Legislators vs. Doctors

This post isn’t really about abortion. It’s about the decision-making process the United States uses in reproductive medicine.

Here is a picture of President Bush signing the Partial-Birth Abortion Ban Act of 2003. He is surrounded by a coterie of mostly older, white, male legislators.

Where are the women? Where is the diversity?

The Partial-Birth Abortion Ban is a weasel law. It does make an abominable procedure illegal — but it sets the definition of the procedure overbroadly, so it may apply to other procedures as well. Where will treatment standards and court decisions go from here?

Despite the fact that you can find “partial-birth abortion” in the MEDLINEplus/Merriam-Webster medical dictionary (along with other terms like “pro-life” and “pro-choice”), both the American Medical Association and the American Council of Obstetricians and Gynecologists say that “partial birth abortion” is a non-medical term.

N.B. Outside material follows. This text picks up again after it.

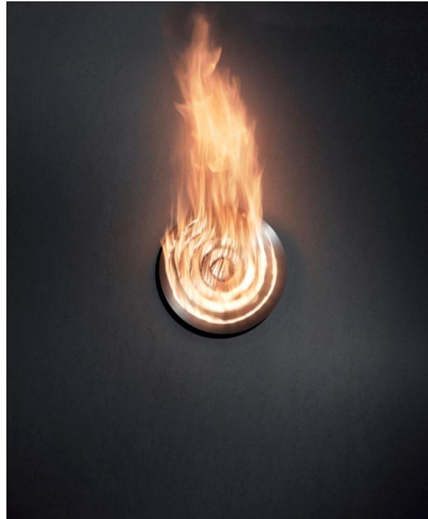
Bernard Aubertin Le disque de Feu Tournant , 1967 Matches and perforated aluminium on board 30.5 x 30.5 x 7cm

So, why use the law to make a lay term into a legislated term of medical art?

Let’s see what that dictionary definition is.

An abortion in the second or third trimester of pregnancy in which the death of the fetus is induced after it has passed partway through the birth canal.

Now, let’s look at the definition made legal by the Act:

An abortion in which the person performing the abortion deliberately and intentionally vaginally delivers a living fetus until, in the case of a head-first presentation, the entire fetal head is outside the body of the mother, or, in the case of breech presentation, any part of the fetal trunk past the navel is outside the body of the mother, for the purpose of performing an overt act that the person knows will kill the partially delivered living fetus; and performs the overt act, other than completion of delivery, that kills the partially delivered living fetus.

It is interesting to note that the law leaves out “in the second or third trimester of pregnancy.”

When the legislators talk about “partial birth abortion,” they apparently mean what doctors call “intact dilatation and extraction” (or “intact D&X”).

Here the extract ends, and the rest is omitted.